Apparently already ended....I just checked their website and it says $299.00 - nothing about a 50% rebate! And it is only about 320 pm here in Arizona....

Ted


----------



## unfocused (Sep 2, 2011)

It was on their site earlier. Not sure what happened, but here is also the e-mail they sent out:



> We threw this last minute 24 hour 50% off sale on Adobe Photoshop Lightroom V3 at just $149.95 (reg $300). Copy this link to post; http://www.adorama.com/ABLRV3MWE.html?kbid=65966
> 
> There's a few hours left (till midnight), feel free to post / forward about it to share the savings.
> 
> ...



Maybe trusty ol' Helen can enlighten us.


----------



## Eddie_2001 (Sep 2, 2011)

It would be nice if Adorama corrected the website listing - I would buy it for the 150, but not 300!

Maybe they already sold out of the quantity they wanted to sell at the lower price??

Ted


----------



## iTasneem (Sep 2, 2011)

I bought one last week from Amazon for only $49.99!
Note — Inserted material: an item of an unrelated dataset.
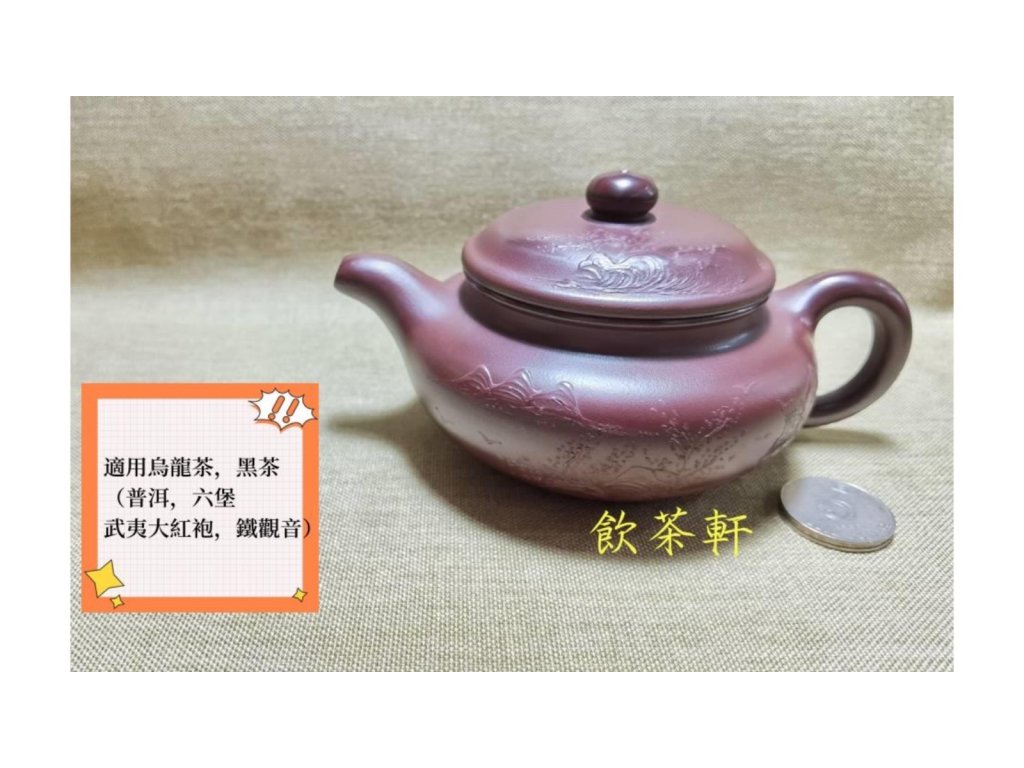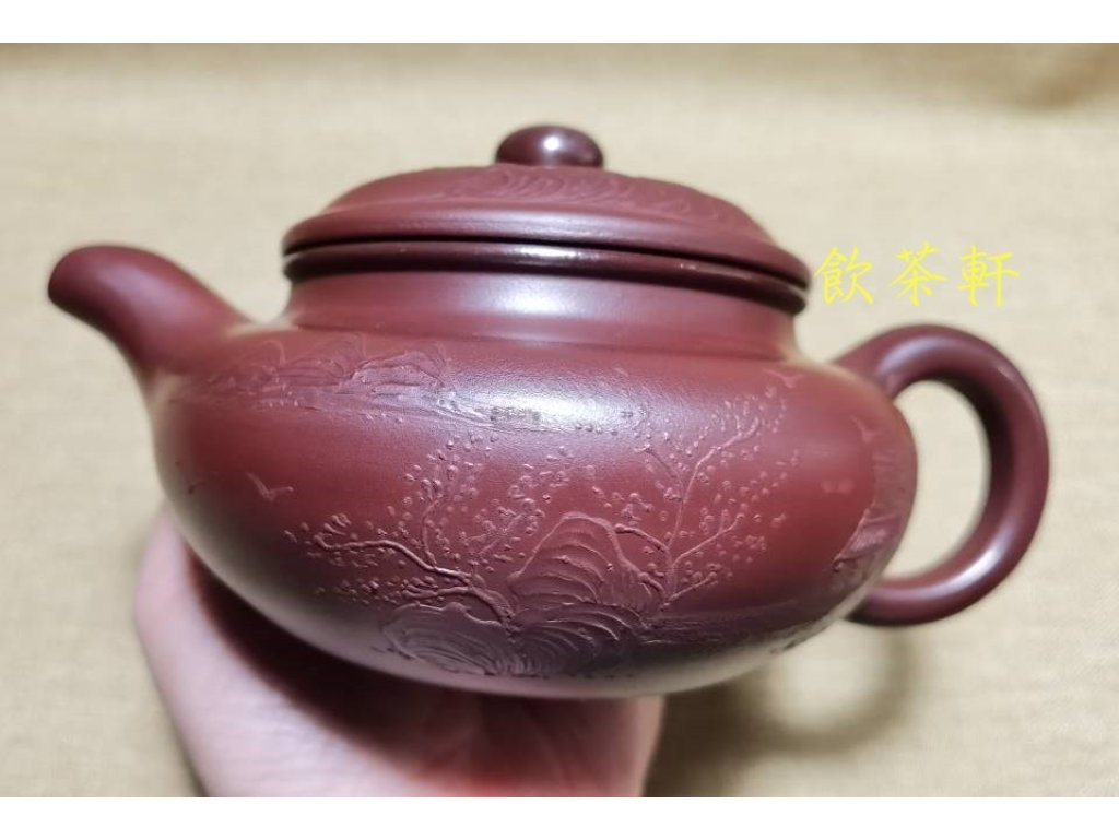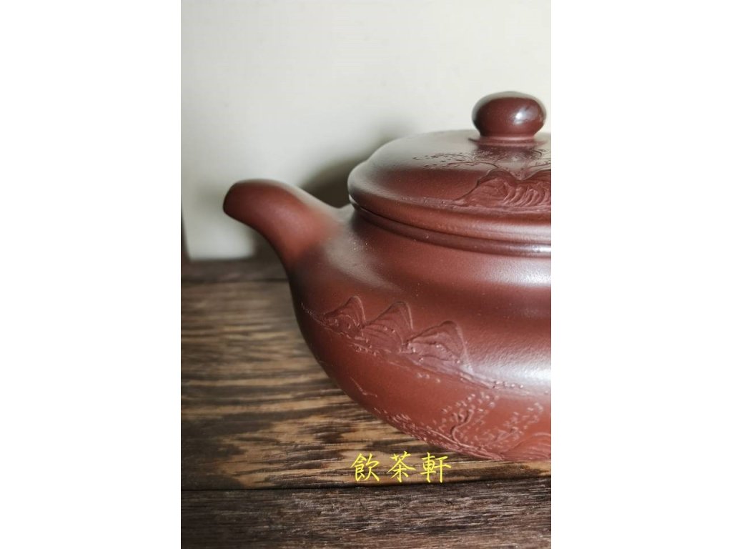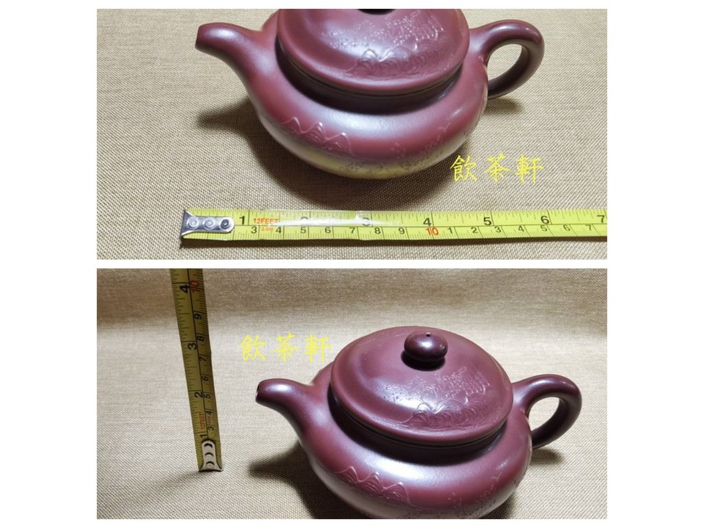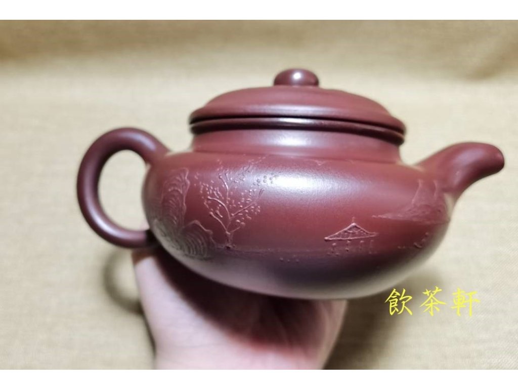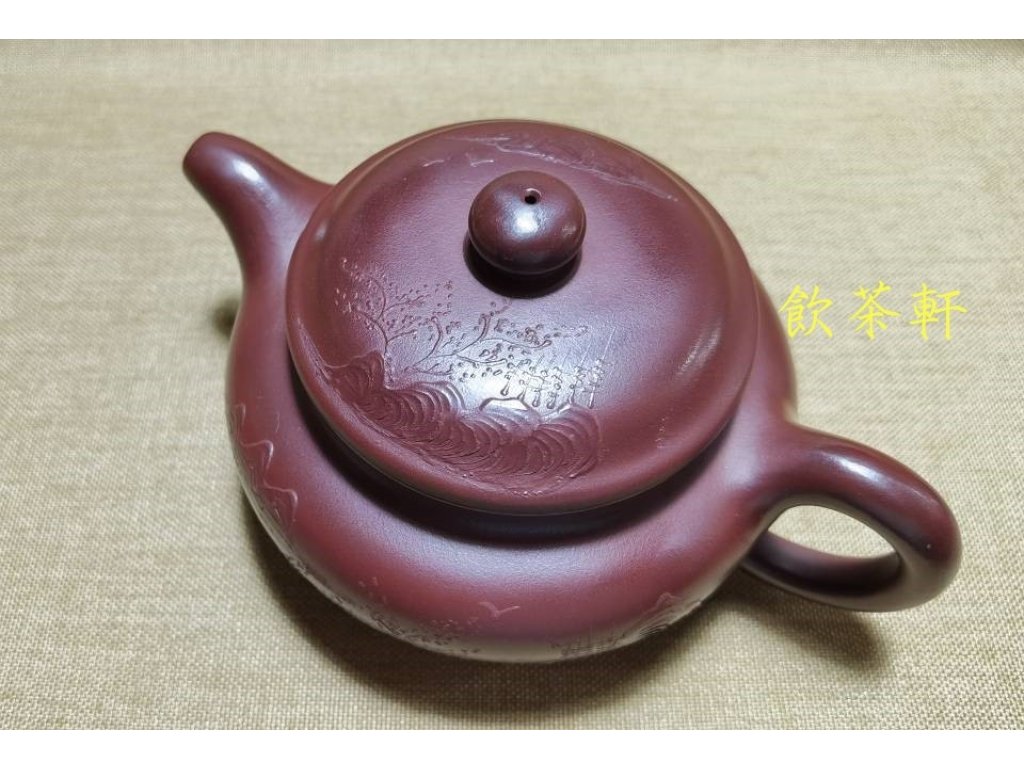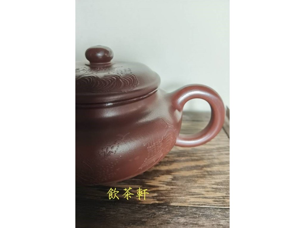 主頁 宜興紫砂 紫泥 仿古壺 高山刻繪 80目 280ml 附壺繩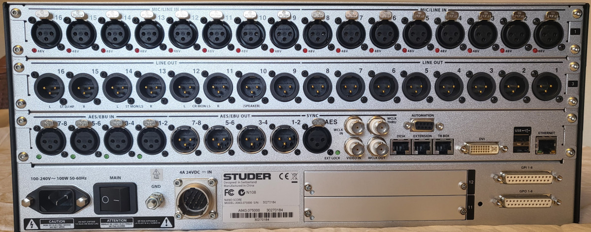 Entradas:16 Mic/Line (Previos Studer), 4 AES/EBU y USB

It was listed for $149.99 and they sent me $100 discount of LightRoom because i bought a Canon 60D.
They sent me another discount of $400 for Adobe CS5.5 Production Premium but i missed it (ended Aug 31).


----------



## Eagle Eye (Sep 11, 2011)

iTasneem said:


> I bought one last week from Amazon for only $49.99!
> 
> It was listed for $149.99 and they sent me $100 discount of LightRoom because i bought a Canon 60D.
> They sent me another discount of $400 for Adobe CS5.5 Production Premium but i missed it (ended Aug 31).



That's just crazy!


----------



## RC (Oct 10, 2011)

Keep an eye on Amazon. I bought my copy back in June of this year for $179.99 and free shipping. This is the full retail version. I parked it in my wish list and checked the price daily for about a month. I was surprised how frequent the priced changed up and down. When it drop to 179, I grabbed it. I checked the price a few hours later just for kicks and it shot back up.

EOS 7D, 15-85, 100mm f/2.8L Macro IS, 70-200 f/4L IS, Extender 1.4 II, 580EX II, 430EX II (2)


----------



## DavidM (Nov 23, 2011)

where can i buy lightroom for the cheapest online now? i want like a $50 or $79 deal!


----------



## RC (Nov 23, 2011)

DavidM said:


> where can i buy lightroom for the cheapest online now? i want like a $50 or $79 deal!



I don't think you will ever find a legitimate copy for that low of a price. If you are eligible for an academic version, those copies are about a $100.00. Adobe requires some sort of instructor authorization so be aware. Maybe someone on ebay is dumping their copy--not sure how licensing transfer would work.


----------